++++ RAW DATA

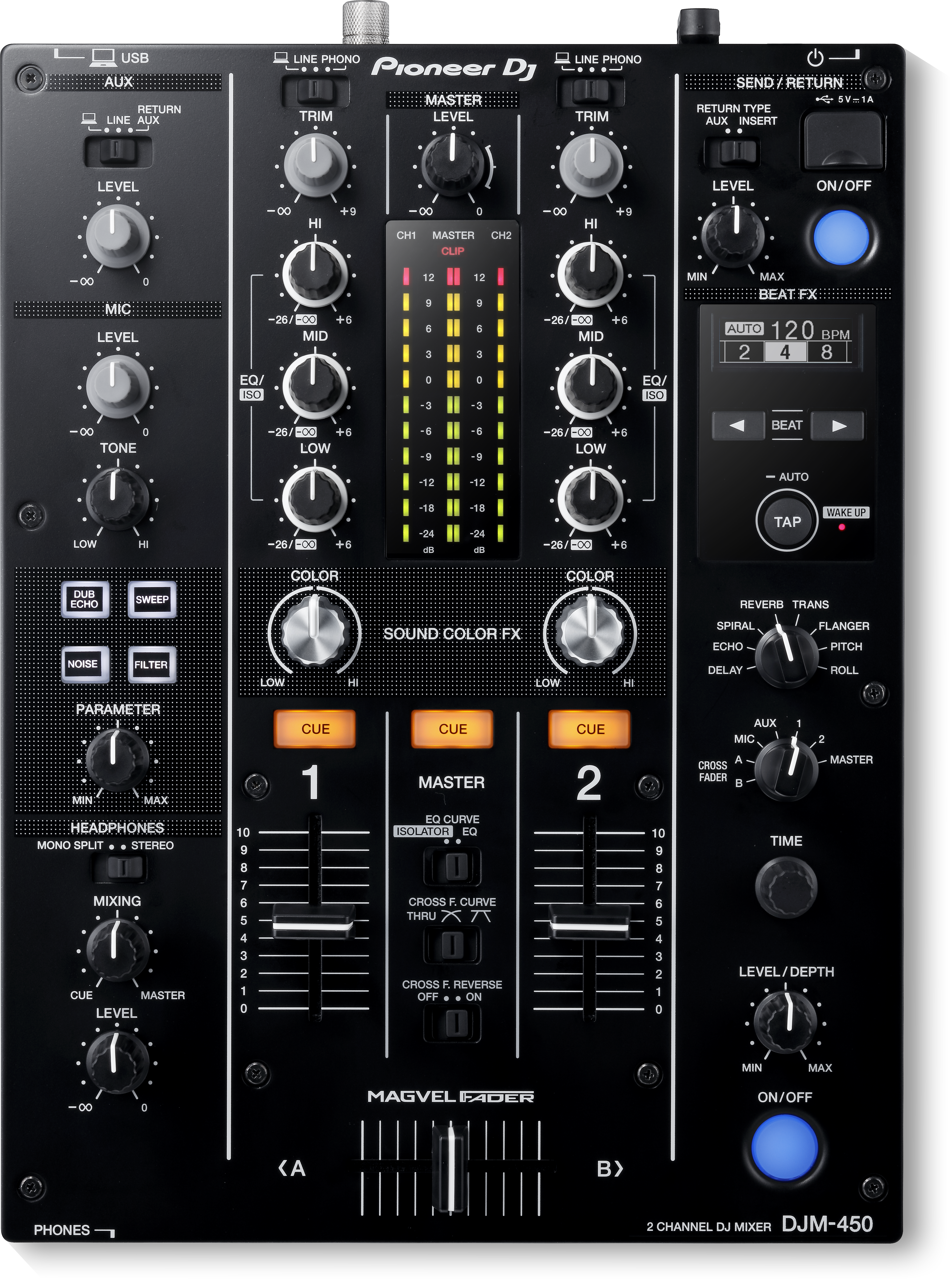 The DJM-450 is compatible with rekordbox, so you can DJ with tracks stored on your PC/Mac when using turntables and our control vinyl (available separately).
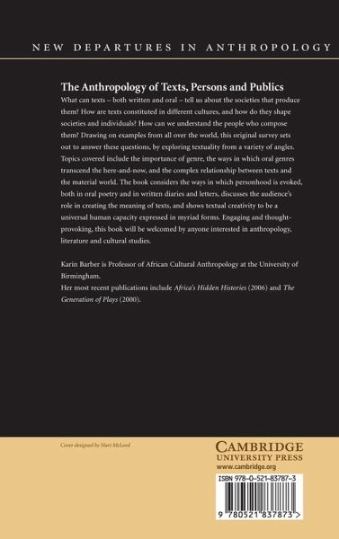 What can texts - both written and oral - tell us about the societies that produce them? How are texts constituted in different cultures, and how do they shape societies and individuals? How can we understand the people who compose them? Drawing on examples from Africa and other countries, this original study sets out to answer these questions, by exploring textuality from a variety of angles. Topics covered include the importance of gender, the ways in which oral genres transcend the here-and-now, and the complex relationship between texts and the material world. Barber considers the ways in which personhood is evoked, both in oral poetry and in written diaries and letters, discusses the audience's role in creating the meaning of texts, and shows textual creativity to be a universal human capacity expressed in myriad forms. Engaging and thought-provoking, this book will be welcomed by anyone interested in anthropology, literature and cultural studies.
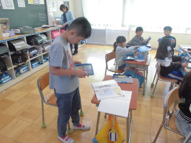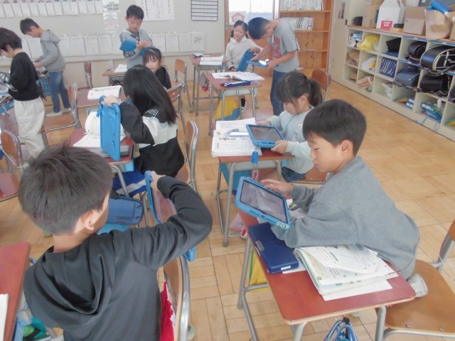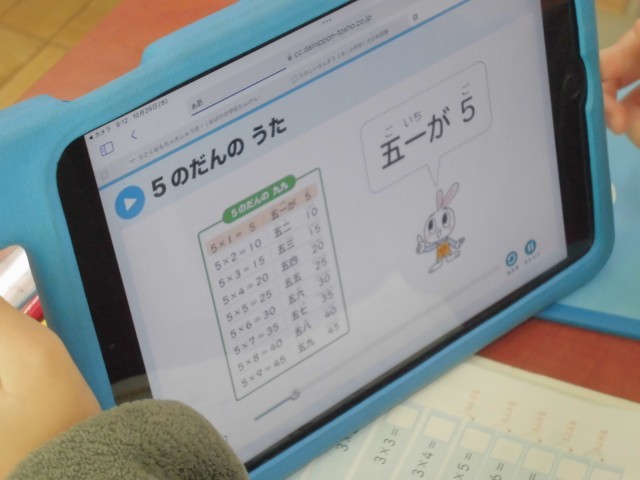 教科書のQRコードをタブレットで読み込むと、かけ算九九の5の段の覚え歌が流れます。

++++++++

The pictures are to be omitted, and the rest of the listing is to be transcribed exactly.

 The DJM-450 is compatible with rekordbox, so you can DJ with tracks stored on your PC/Mac when using turntables and our control vinyl (available separately).
 What can texts - both written and oral - tell us about the societies that produce them? How are texts constituted in different cultures, and how do they shape societies and individuals? How can we understand the people who compose them? Drawing on examples from Africa and other countries, this original study sets out to answer these questions, by exploring textuality from a variety of angles. Topics covered include the importance of gender, the ways in which oral genres transcend the here-and-now, and the complex relationship between texts and the material world. Barber considers the ways in which personhood is evoked, both in oral poetry and in written diaries and letters, discusses the audience's role in creating the meaning of texts, and shows textual creativity to be a universal human capacity expressed in myriad forms. Engaging and thought-provoking, this book will be welcomed by anyone interested in anthropology, literature and cultural studies.
 教科書のQRコードをタブレットで読み込むと、かけ算九九の5の段の覚え歌が流れます。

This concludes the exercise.